* What this task involves:
Reproduce, word for word, the lines in the material below starting with the one that has "匜,呈瓢形,流部微揚,獸首鋬" and going on through the one that has "Los convertidores analógico-digitales". Leave out all pictures.
---------- Information shown
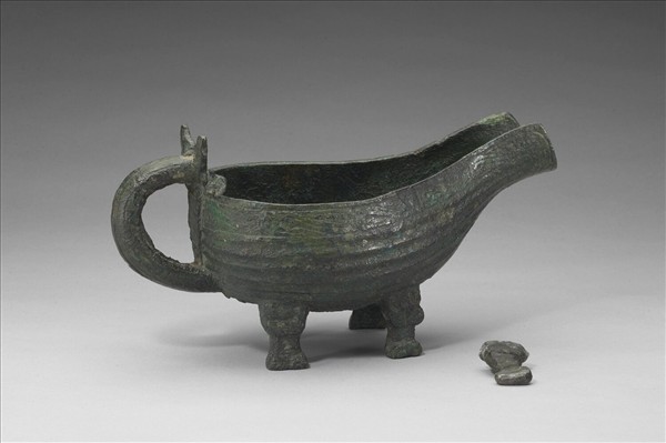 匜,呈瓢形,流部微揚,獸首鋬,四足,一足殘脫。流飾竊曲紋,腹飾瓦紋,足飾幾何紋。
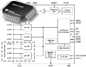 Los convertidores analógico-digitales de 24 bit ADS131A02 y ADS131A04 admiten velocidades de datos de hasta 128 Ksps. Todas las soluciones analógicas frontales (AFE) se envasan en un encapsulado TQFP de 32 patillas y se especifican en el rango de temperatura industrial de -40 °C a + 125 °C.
--------------------
---------- Information shown
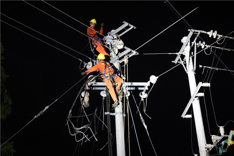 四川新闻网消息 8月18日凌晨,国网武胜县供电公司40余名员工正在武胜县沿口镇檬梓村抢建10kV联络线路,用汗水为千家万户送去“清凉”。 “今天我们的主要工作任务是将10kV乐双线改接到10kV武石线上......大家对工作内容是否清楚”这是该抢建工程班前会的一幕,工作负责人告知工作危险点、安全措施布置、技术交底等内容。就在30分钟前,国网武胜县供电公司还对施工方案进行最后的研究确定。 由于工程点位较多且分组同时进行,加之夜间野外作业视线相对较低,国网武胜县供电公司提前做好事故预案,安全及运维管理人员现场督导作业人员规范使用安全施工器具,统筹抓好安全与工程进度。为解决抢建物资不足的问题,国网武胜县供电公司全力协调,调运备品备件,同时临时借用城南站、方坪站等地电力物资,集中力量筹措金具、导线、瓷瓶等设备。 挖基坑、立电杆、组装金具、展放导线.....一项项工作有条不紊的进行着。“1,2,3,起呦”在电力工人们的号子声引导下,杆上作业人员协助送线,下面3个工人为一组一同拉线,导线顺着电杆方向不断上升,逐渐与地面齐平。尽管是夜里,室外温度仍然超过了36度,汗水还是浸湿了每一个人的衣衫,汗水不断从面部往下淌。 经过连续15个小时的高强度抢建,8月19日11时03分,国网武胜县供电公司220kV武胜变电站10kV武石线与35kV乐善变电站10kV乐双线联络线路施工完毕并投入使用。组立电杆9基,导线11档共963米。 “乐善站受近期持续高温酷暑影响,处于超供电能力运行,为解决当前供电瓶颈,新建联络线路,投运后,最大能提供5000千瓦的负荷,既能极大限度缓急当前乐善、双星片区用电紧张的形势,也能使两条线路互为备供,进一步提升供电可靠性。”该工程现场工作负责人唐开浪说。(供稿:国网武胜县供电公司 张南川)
--------------------
---------- Information shown
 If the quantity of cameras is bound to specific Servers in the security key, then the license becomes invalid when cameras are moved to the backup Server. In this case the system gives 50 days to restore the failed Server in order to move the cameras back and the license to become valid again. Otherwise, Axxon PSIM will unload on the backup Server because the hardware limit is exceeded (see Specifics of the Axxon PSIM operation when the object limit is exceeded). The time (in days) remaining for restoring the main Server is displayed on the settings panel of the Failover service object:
--------------------
* Solution for this exercise:
 匜,呈瓢形,流部微揚,獸首鋬,四足,一足殘脫。流飾竊曲紋,腹飾瓦紋,足飾幾何紋。
 Los convertidores analógico-digitales de 24 bit ADS131A02 y ADS131A04 admiten velocidades de datos de hasta 128 Ksps. Todas las soluciones analógicas frontales (AFE) se envasan en un encapsulado TQFP de 32 patillas y se especifican en el rango de temperatura industrial de -40 °C a + 125 °C.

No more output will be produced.